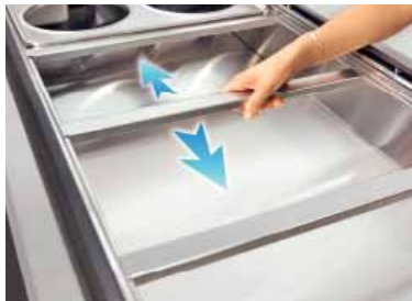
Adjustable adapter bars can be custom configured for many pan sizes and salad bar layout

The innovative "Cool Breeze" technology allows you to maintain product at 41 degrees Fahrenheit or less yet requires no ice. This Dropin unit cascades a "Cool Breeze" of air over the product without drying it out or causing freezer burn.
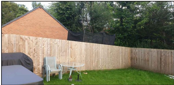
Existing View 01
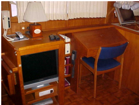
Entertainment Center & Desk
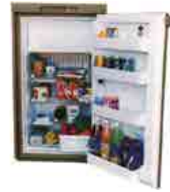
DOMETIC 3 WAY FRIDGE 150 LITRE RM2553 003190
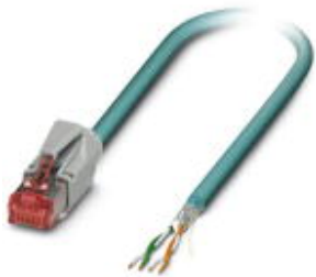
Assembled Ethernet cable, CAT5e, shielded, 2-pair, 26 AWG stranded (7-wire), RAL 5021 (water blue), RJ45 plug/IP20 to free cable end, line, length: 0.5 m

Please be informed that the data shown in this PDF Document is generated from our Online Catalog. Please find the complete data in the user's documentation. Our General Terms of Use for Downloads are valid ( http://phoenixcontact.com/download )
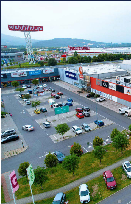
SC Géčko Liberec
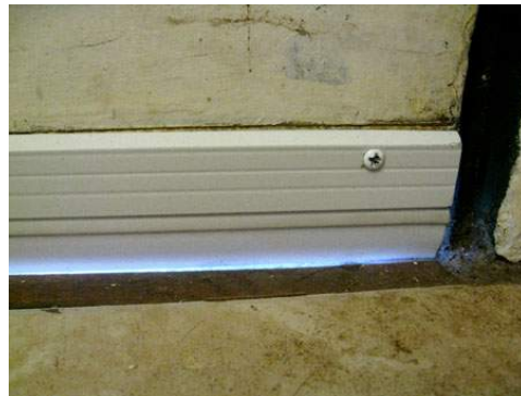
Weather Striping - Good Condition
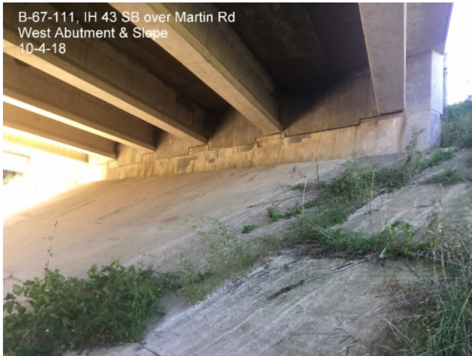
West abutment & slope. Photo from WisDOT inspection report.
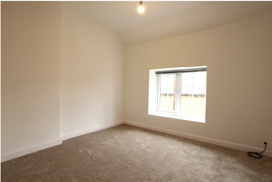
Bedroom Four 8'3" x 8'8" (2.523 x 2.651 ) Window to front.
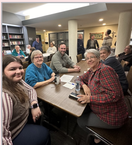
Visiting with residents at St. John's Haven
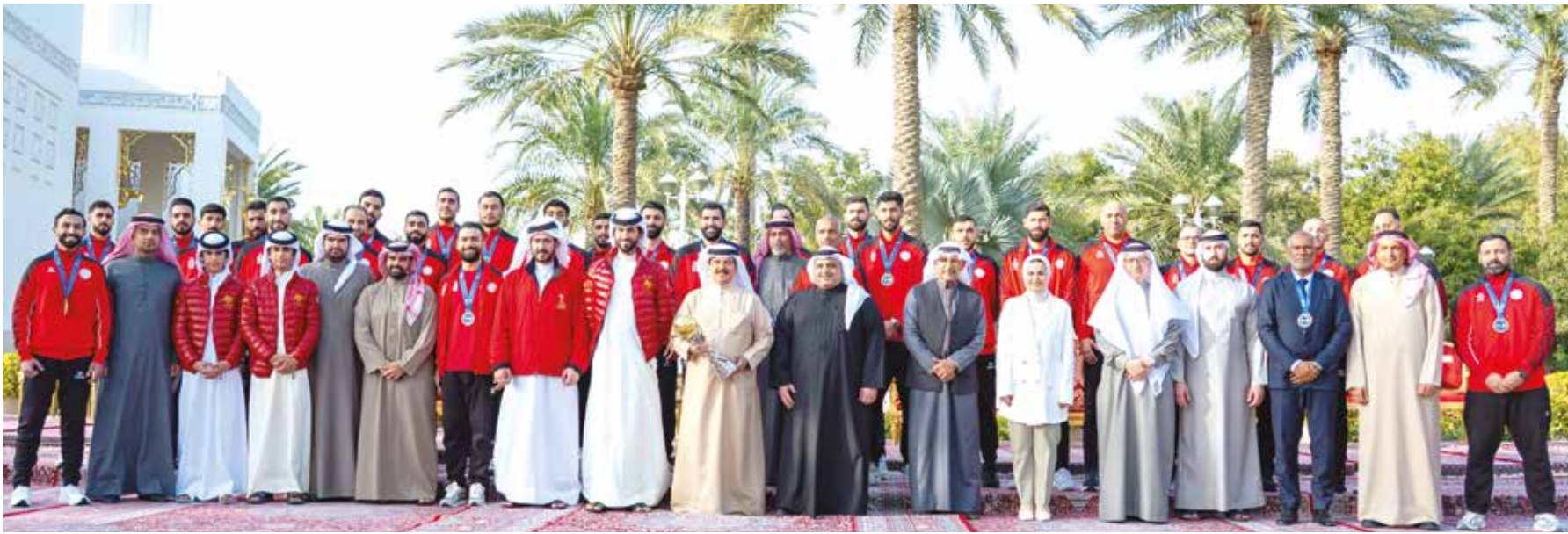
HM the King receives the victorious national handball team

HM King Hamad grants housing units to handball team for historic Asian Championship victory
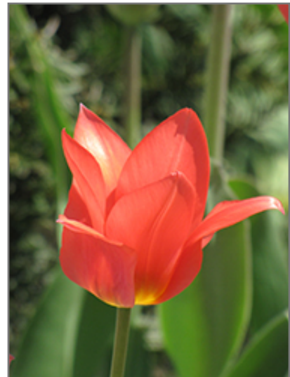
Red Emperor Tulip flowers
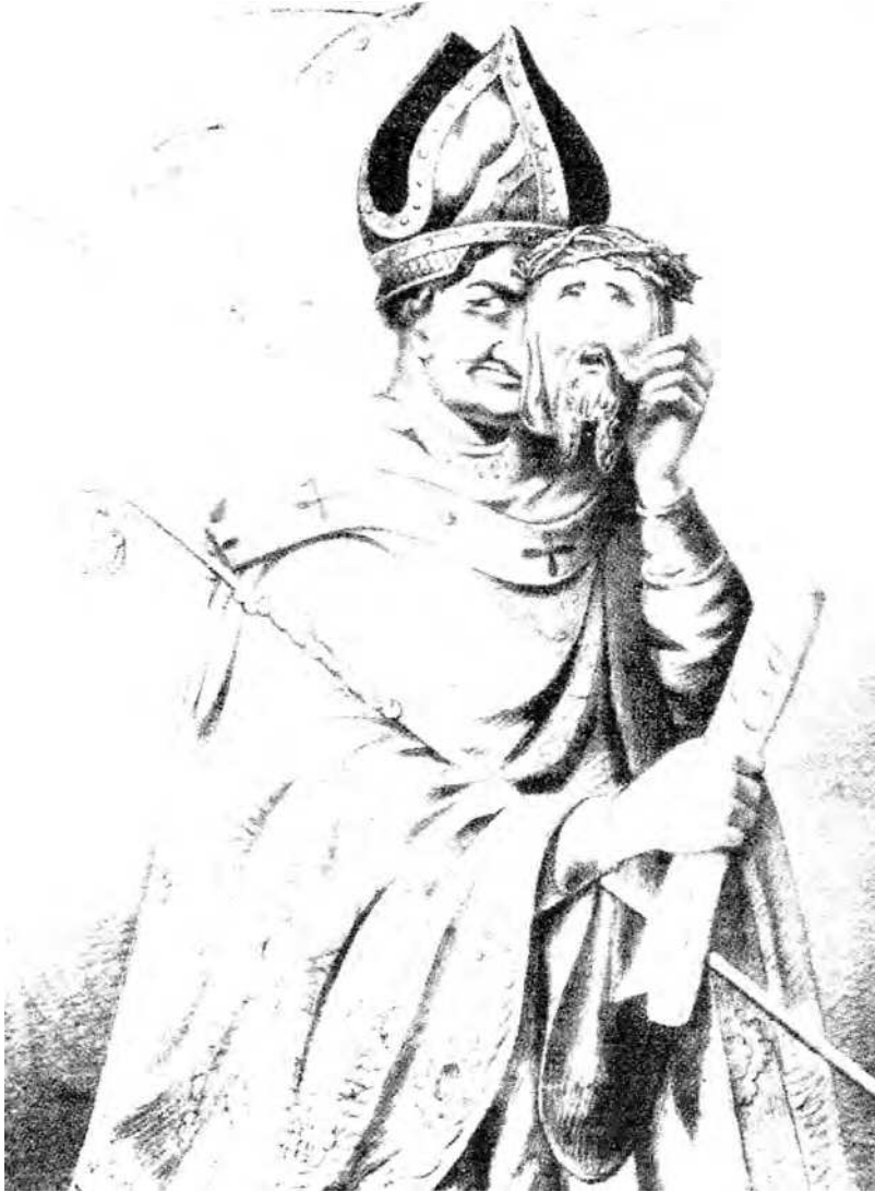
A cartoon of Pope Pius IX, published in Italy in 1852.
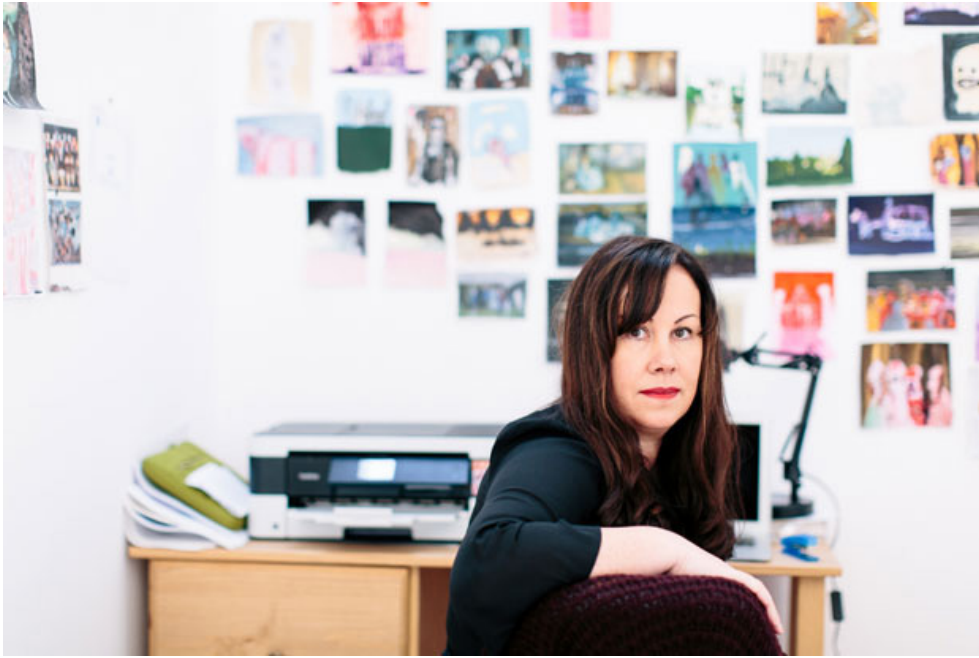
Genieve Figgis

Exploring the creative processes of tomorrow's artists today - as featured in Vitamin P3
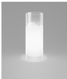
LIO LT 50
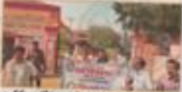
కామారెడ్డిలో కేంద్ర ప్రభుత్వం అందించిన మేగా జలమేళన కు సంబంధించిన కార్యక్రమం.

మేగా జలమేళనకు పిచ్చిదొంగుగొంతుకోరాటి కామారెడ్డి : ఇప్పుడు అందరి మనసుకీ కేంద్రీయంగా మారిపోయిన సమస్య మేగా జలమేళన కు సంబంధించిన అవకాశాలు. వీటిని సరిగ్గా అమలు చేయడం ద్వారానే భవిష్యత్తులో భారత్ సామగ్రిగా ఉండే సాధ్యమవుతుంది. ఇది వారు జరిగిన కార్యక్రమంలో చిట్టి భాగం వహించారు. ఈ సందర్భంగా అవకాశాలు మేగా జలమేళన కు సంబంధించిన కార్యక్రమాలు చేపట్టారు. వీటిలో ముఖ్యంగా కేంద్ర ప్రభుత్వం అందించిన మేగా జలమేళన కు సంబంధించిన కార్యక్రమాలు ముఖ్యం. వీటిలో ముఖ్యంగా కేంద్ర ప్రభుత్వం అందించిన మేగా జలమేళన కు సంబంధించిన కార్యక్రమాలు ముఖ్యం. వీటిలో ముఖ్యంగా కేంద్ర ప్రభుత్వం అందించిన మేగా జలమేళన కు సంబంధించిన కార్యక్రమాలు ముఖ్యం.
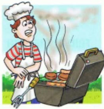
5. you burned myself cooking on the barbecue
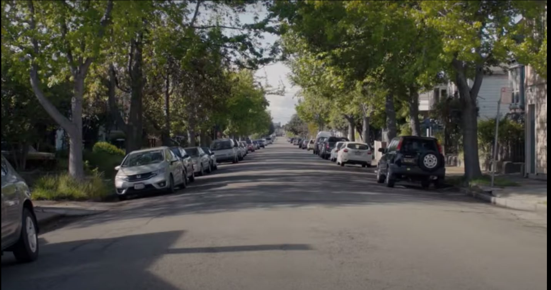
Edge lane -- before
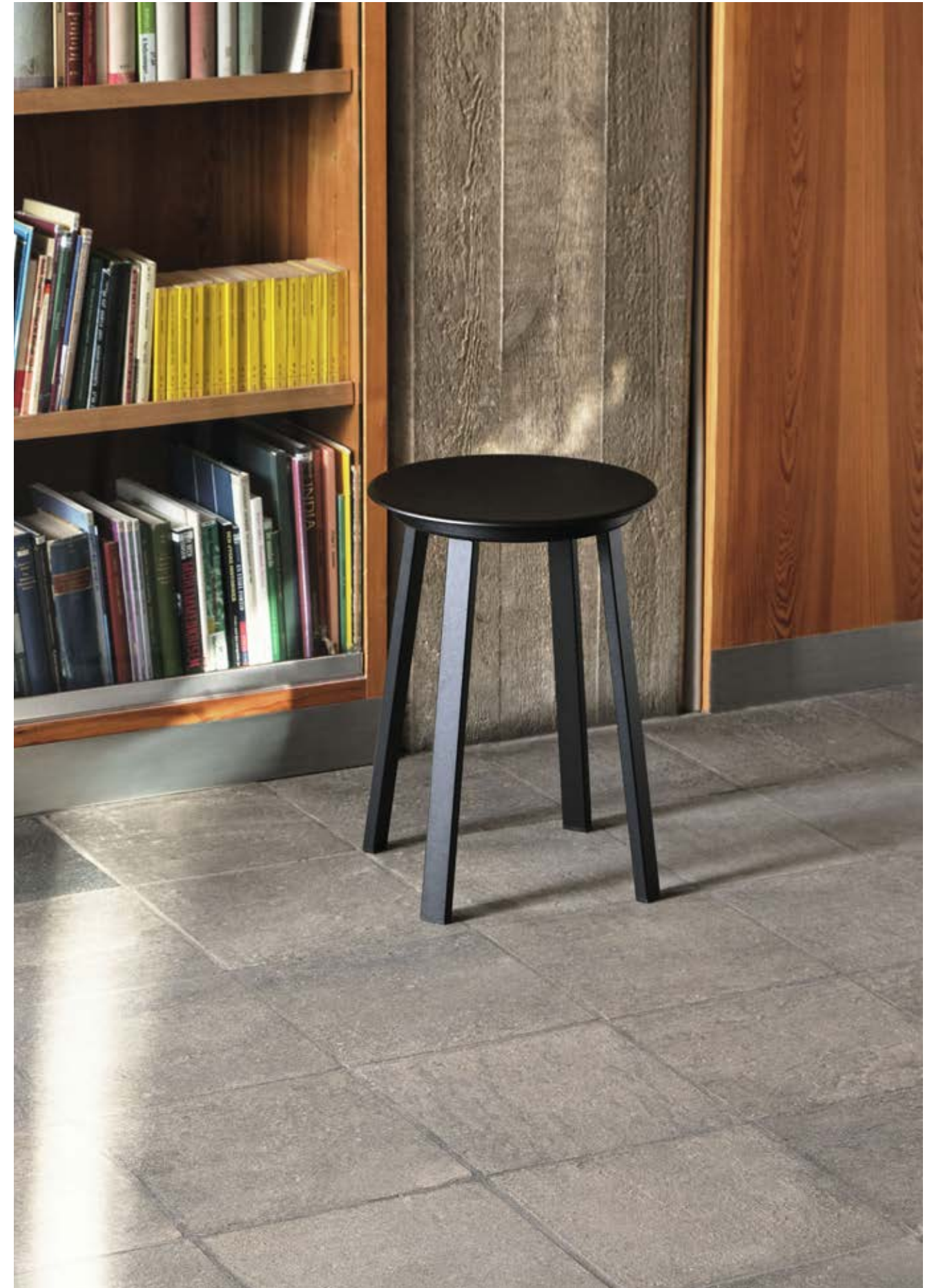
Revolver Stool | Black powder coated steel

REQUIRED WORK: Give again the stretch of lines above from the one with "West abutment &" through the one with "HM King Hamad", both ends kept, and copy no pictures.

EXERCISE OUTPUT:
West abutment & slope. Photo from WisDOT inspection report.
Bedroom Four 8'3" x 8'8" (2.523 x 2.651 ) Window to front.
Visiting with residents at St. John's Haven
HM the King receives the victorious national handball team

HM King Hamad grants housing units to handball team for historic Asian Championship victory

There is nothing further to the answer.